Is this typical, and is there any way to speed up matrix operations?
Model with reals:
data {
int<lower=1> T; // number of observations
real y[T]; // observed outputs
}
parameters {
real mu; // mean term
real phi; // autoregression coeff
real<lower=0> sigma; // noise scale
}
model {
vector[T] nu; // prediction for time t
vector[T] err; // error for time t
//ADDED TEST VARS
real b[T];
real a;
a = 1.0;
b[1] =1.0;
nu[1] <- mu + phi * mu; // assume err[0] == 0
err[1] <- y[1] - nu[1];
for (t in 2:T) {
//ADDED TEST ALGEBRA
b[t] = a*a'+t;
nu[t] <- mu + phi * y[t-1];
err[t] <- y[t] - nu[t];
}
// priors
mu ~ normal(0,10);
phi ~ normal(0,2);
sigma ~ cauchy(0,5);
// likelihood
err ~ normal(0,sigma);
}
Model with 1x1 matrices:
data {
int<lower=1> T; // number of observations
real y[T]; // observed outputs
}
parameters {
real mu; // mean term
real phi; // autoregression coeff
real<lower=0> sigma; // noise scale
}
model {
vector[T] nu; // prediction for time t
vector[T] err; // error for time t
//ADDED TEST VARS
matrix[1,1] b[T];
matrix[1,1] a;
a[1,1]= 1.0;
b[1][1,1] =1.0;
nu[1] <- mu + phi * mu; // assume err[0] == 0
err[1] <- y[1] - nu[1];
for (t in 2:T) {
//ADDED TEST ALGEBRA
b[t] = a*a'+t;
nu[t] <- mu + phi * y[t-1];
err[t] <- y[t] - nu[t];
}
// priors
mu ~ normal(0,10);
phi ~ normal(0,2);
sigma ~ cauchy(0,5);
// likelihood
err ~ normal(0,sigma);
}
R script for generating data and comparing the two models:
library(rstan)
Sys.setenv(LOCAL_CPPFLAGS = '-march=corei7 -mtune=corei7') #Recommended when rstan is called (PC has i7 3770)

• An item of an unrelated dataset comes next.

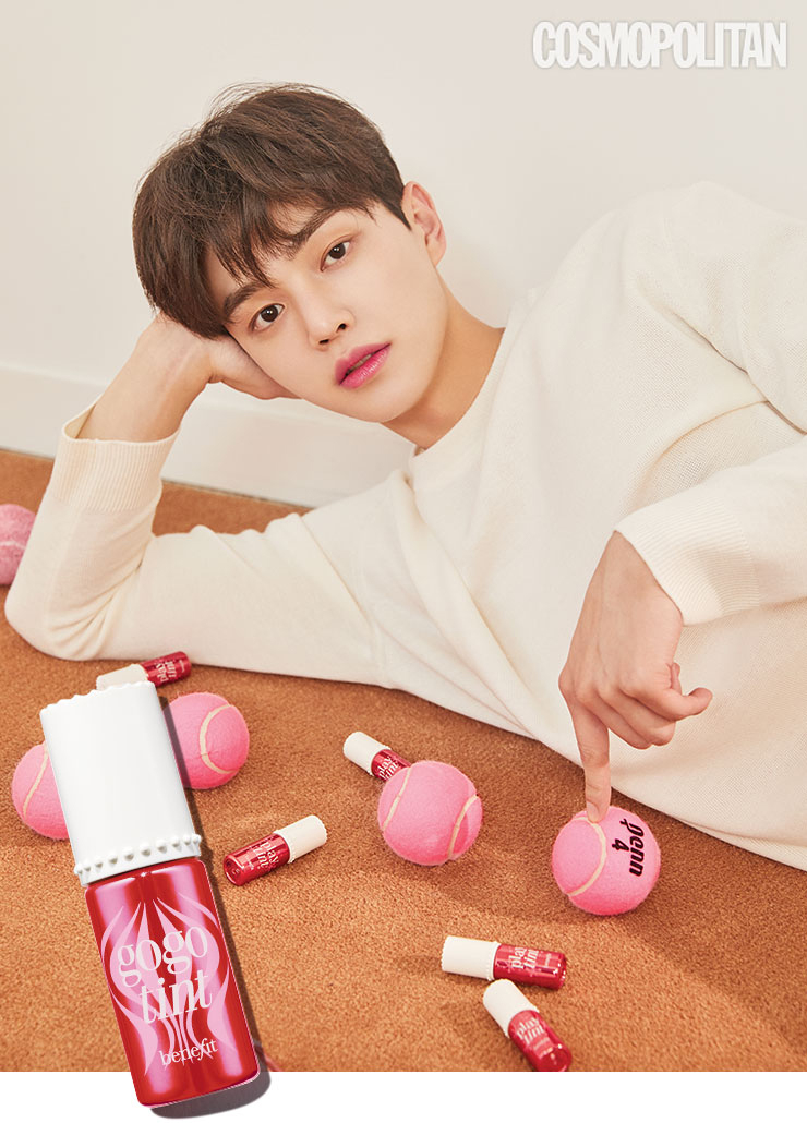 송강의 장꾸 모멘트를 빛나게 해준 채도 높은 체리색 입술. 깨끗하고 보송보송한 피부를 연출한 뒤 입술 위에 착붙되는 어플리케이터로 고고틴트를 입술 안쪽부터 좌우로 미끄러뜨리며 그러데이션해 밝고 자연스러운 분위기를 강조했다. 부담 없는 6ml 용량의 틴트는 주머니에도 쏙 들어갈 만큼 콤팩트한 크기를 자랑해 휴대하기 간편하다는 사실!

options(mc.cores = parallel::detectCores())
m1<-stan_model("ar1_test_real.stan")
m2<-stan_model("ar1_test_matrix.stan")
mu <- -1.25;
sigma <- 0.75;
phi <- 0.2;
Time <- 1000;
err <- rnorm(Time,0,sigma);
nu <- rep(0,Time);
y <- rep(0,Time);
y[1] <- err[1] + mu + phi * mu;
for (t in 2:Time) y[t] <- err[t] + (mu + phi * y[t-1])

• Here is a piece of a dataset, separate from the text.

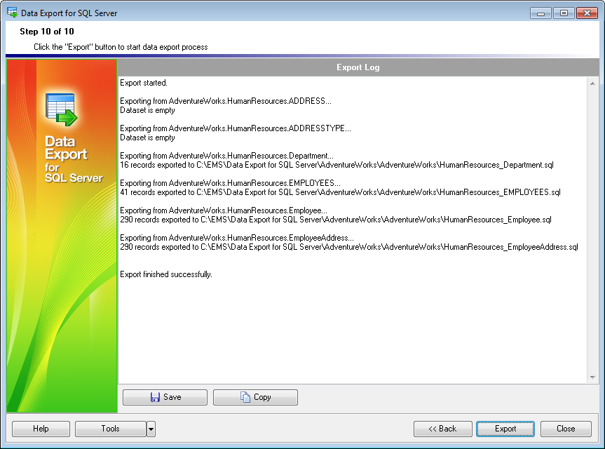 При выполнении операции в окне Export Log отображается информация о ходе выполнения экспорта данных.

fit1 <- sampling(m1, data=list("T"=Time, "y"=y), chains=1, iter=2000, warmup=1000, seed=123)
fit2 <- sampling(m2, data=list("T"=Time, "y"=y),chains=1, iter=2000, warmup=1000, seed=123)
Console output with run times:
> fit1 <- sampling(m1, data=list("T"=Time, "y"=y), chains=1, iter=2000, warmup=1000, seed=123)
SAMPLING FOR MODEL 'ar1_test_real' NOW (CHAIN 1).
Chain 1:
Chain 1: Gradient evaluation took 0 seconds
Chain 1: 1000 transitions using 10 leapfrog steps per transition would take 0 seconds.
Chain 1: Adjust your expectations accordingly!
Chain 1:
Chain 1:
Chain 1: Iteration: 1 / 2000 [ 0%] (Warmup)
Chain 1: Iteration: 200 / 2000 [ 10%] (Warmup)
Chain 1: Iteration: 400 / 2000 [ 20%] (Warmup)
Chain 1: Iteration: 600 / 2000 [ 30%] (Warmup)
Chain 1: Iteration: 800 / 2000 [ 40%] (Warmup)
Chain 1: Iteration: 1000 / 2000 [ 50%] (Warmup)
Chain 1: Iteration: 1001 / 2000 [ 50%] (Sampling)
Chain 1: Iteration: 1200 / 2000 [ 60%] (Sampling)
Chain 1: Iteration: 1400 / 2000 [ 70%] (Sampling)
Chain 1: Iteration: 1600 / 2000 [ 80%] (Sampling)
Chain 1: Iteration: 1800 / 2000 [ 90%] (Sampling)
Chain 1: Iteration: 2000 / 2000 [100%] (Sampling)
Chain 1:
Chain 1: Elapsed Time: 0.637 seconds (Warm-up)
Chain 1: 0.607 seconds (Sampling)
Chain 1: 1.244 seconds (Total)
Chain 1:
> fit2 <- sampling(m2, data=list("T"=Time, "y"=y),chains=1, iter=2000, warmup=1000, seed=123)
SAMPLING FOR MODEL 'ar1_test_matrix' NOW (CHAIN 1).
Chain 1:
Chain 1: Gradient evaluation took 0.001 seconds
Chain 1: 1000 transitions using 10 leapfrog steps per transition would take 10 seconds.
Chain 1: Adjust your expectations accordingly!
Chain 1:
Chain 1:
Chain 1: Iteration: 1 / 2000 [ 0%] (Warmup)
Chain 1: Iteration: 200 / 2000 [ 10%] (Warmup)
Chain 1: Iteration: 400 / 2000 [ 20%] (Warmup)
Chain 1: Iteration: 600 / 2000 [ 30%] (Warmup)
Chain 1: Iteration: 800 / 2000 [ 40%] (Warmup)
Chain 1: Iteration: 1000 / 2000 [ 50%] (Warmup)
Chain 1: Iteration: 1001 / 2000 [ 50%] (Sampling)
Chain 1: Iteration: 1200 / 2000 [ 60%] (Sampling)
Chain 1: Iteration: 1400 / 2000 [ 70%] (Sampling)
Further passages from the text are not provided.